Six years later, the Plaintiff in Kingsley v. Sachitano, argued that Ex parte St. Vincent’s created an exception to the quality assurance privilege where the information sought is essential to providing the litigant with a full and fair trial. Kingsley v. Sachitano, 783 So. 2d 824, 825 (Ala. 2000). The Court in Kingsley declined to recognize such an exception. Id. See also Ex parte Burch, 730 So.2d 143, 150-51 (Ala.1999) (declining to find that the court created an exception to the privilege requirement, finding rather that the documents in question fell outside the statute’s scope).
The take-away from Ex parte St. Vincent’s Hospital is two-fold:
- A healthcare provider should a) establish clear goals and objectives at the outset of any effort to evaluate or review medical services or medical standards, b) communicate those objectives and goals to members of the committee, and c) maintain the confidentiality of information and documents exchanged within the committee. A clearly established set of goals and objectives will help support the assertion of a privilege over documents created as part of the evaluation or review of medical services or standards.
- The legal practitioner cannot rely on conclusory statements or document headings when asserting the quality assurance privilege. The healthcare provider asserting the privilege has the burden of proof. The legal practitioner should take great care in establishing the privilege by presenting evidence of the goals and objectives of the committee through a) non-conclusory affidavit and deposition testimony, and b) redacted documents reflecting the goals and objectives of the committee’s work.
Ex parte Mobile Infirmary Association
In 2018, the Alabama Supreme Court issued an opinion in Ex parte Mobile Infirmary Association, which stands in stark contrast with the outcome in Ex parte St. Vincent’s. Ex parte Mobile Infirmary Ass’n, 278 So. 3d 1195, 1213 (Ala. 2018). The trial court ordered Mobile Infirmary to produce certain documents created by the hospital’s Risk Management Department. Id. at 1200. The Alabama Supreme Court granted Mobile Infirmary’s Petition for Writ of Mandamus directing the trial court to vacate its order for production of the Risk Management documents. Id. at 1219.

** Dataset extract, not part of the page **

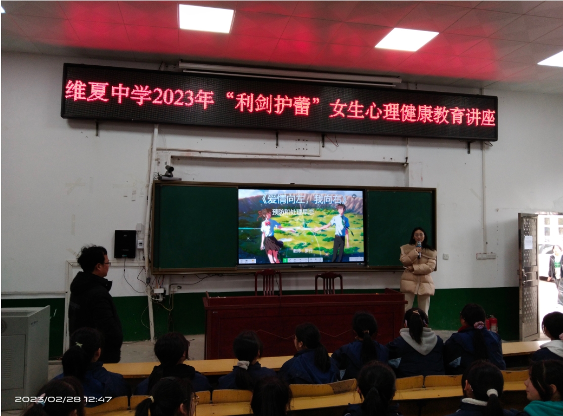 为了进一步推动“利剑护蕾”工作的实施,加强青少年思想道德建设和心理健康教育,2月28日至3月1日,维夏中学在阶梯教室召开七年级“男生女生心理健康教育讲座”,给正处于青春期的七年级学生解疑答惑,呵护祖国的花朵!

The Plaintiff argued the documents were created and used in the ordinary course of the hospital’s business. Id. at 1212. The Plaintiff further argued that Mobile Infirmary failed to demonstrate the goal or purpose of the Risk Management Department in generating the disputed documents was quality assurance. Id. at 1212-13.
However, Mobile Infirmary presented an affidavit from its risk manager establishing: 1) the Risk Management Department performs quality assurance functions for the hospital and 2) the contents of the risk-management file “were requested, prepared, and/or utilized for quality assurance purposes to assess the quality of care of all patients at [the medical center].” Id. at 1199, 1211. The Alabama Supreme Court held that the risk manager’s affidavit constituted substantial evidence in support of Mobile Infirmary’s claim of privilege. Id. at 1213. See also Ex parte Fairfield Nursing, 22 So.3d at 450; Kingsley v. Sachitano, 783 So.2d 824 (Ala. 2000); Ex parte Qureshi, 768 So. 2d 374 (Ala. 2000).
Conclusion
Healthcare providers must prepare for a possible widespread coronavirus outbreak in the United States. Most, if not all, healthcare providers are taking some action through Quality Assurance committees and Infection Control committees in preparation for an adverse event. The Quality Assurance privilege helps foster the open and honest communication needed when preparing to face an unpredictable threat like the coronavirus. Healthcare providers must effectively establish the privilege during quality assurance and infection control meetings, and must effectively assert the privilege if protected documents are later sought by enterprising plaintiff lawyers.